How to use local vision model to replace gpt-4 turbo?
I am interested in this project, I tried a lot and find this work very well. But this seems have to use a lot token of gpt, because of screenshot processing. I tried to replace gpt by local other vision model, but not find where should I modify? where is gpt vision used in the source code?

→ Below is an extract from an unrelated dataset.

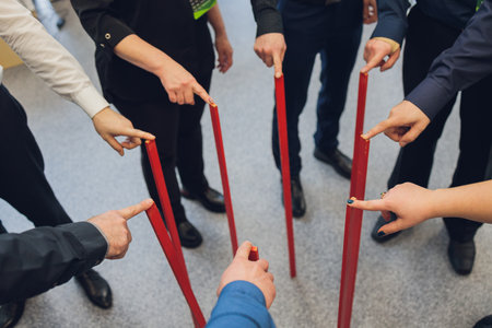 Vertical team building is an exercise for people with common interests in the company. Close-up of hands holding one stick
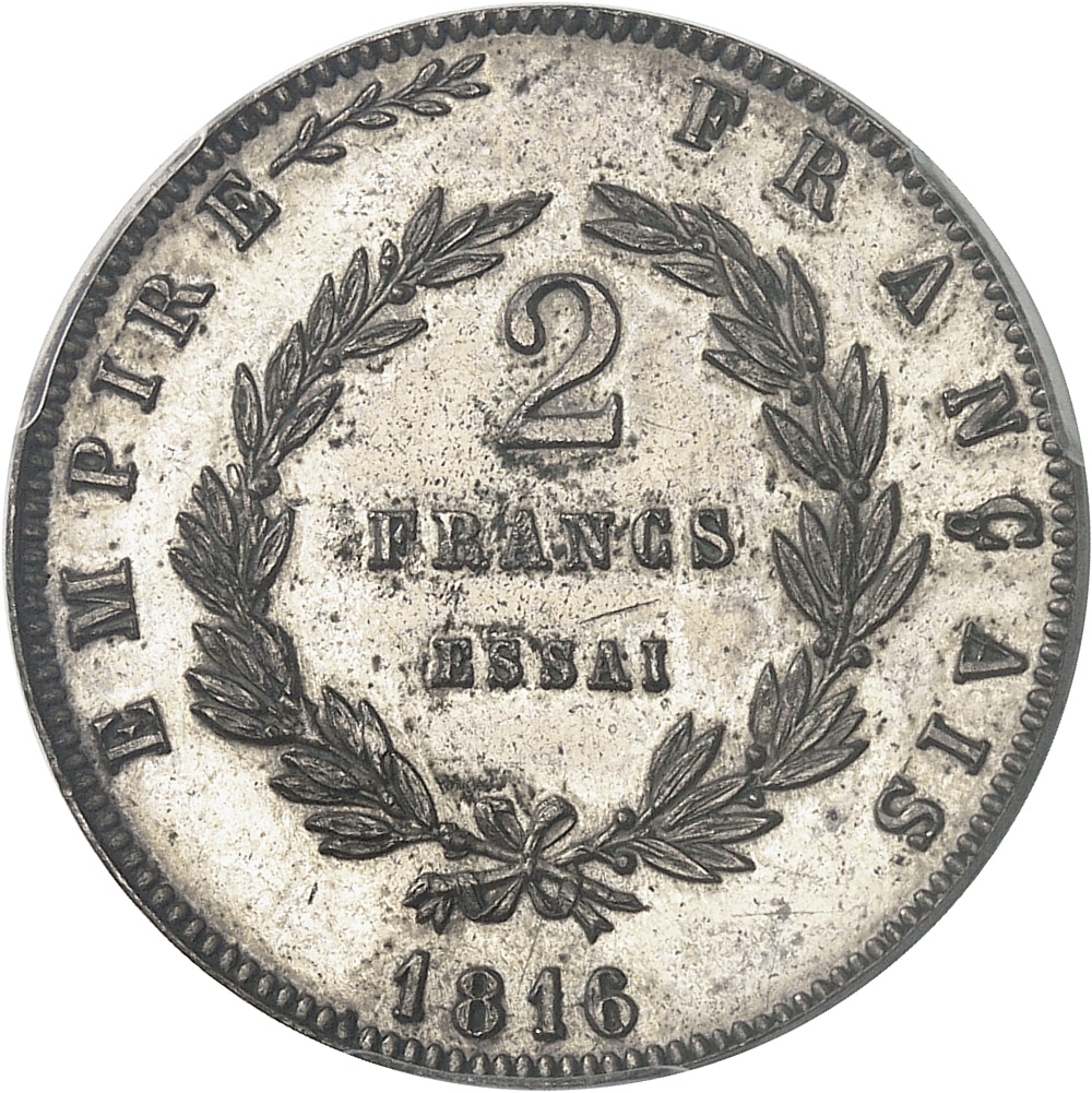 Rv. EMPIRE (branche) - FRANÇAIS. Dans une couronne formée de deux branches : 2 FRANCS ESSAI et au-dessous (date).

I was perusing the codebase looking for the same answer. Afaict when it calls gpt 4 vision (or whatever other model you happen to specify) it happens here: https://github.com/Skyvern-AI/skyvern/blob/31e1470c6ff745124af2201d8e3996c17702d4fc/skyvern/forge/sdk/api/llm/api_handler_factory.py#L98. Notice how screenshot data is sent along with perhaps a text prompt. That being said, I dunno if it will be super simple to replace your own local vision model or not.
I perused source code, and found I have missunderstanding the role of vision-model. Vision-model in this project is not segment or locate all element (this achevied by JS script), but just check whether anything bad happen.
https://github.com/Skyvern-AI/skyvern/pull/251/files
New models can be added similar to the approach here - you could try it out with hosted ollama models once https://github.com/Skyvern-AI/skyvern/issues/242 is implemented
This issue is stale because it has been open for 30 days with no activity.
This issue was closed because it has been inactive for 14 days since being marked as stale.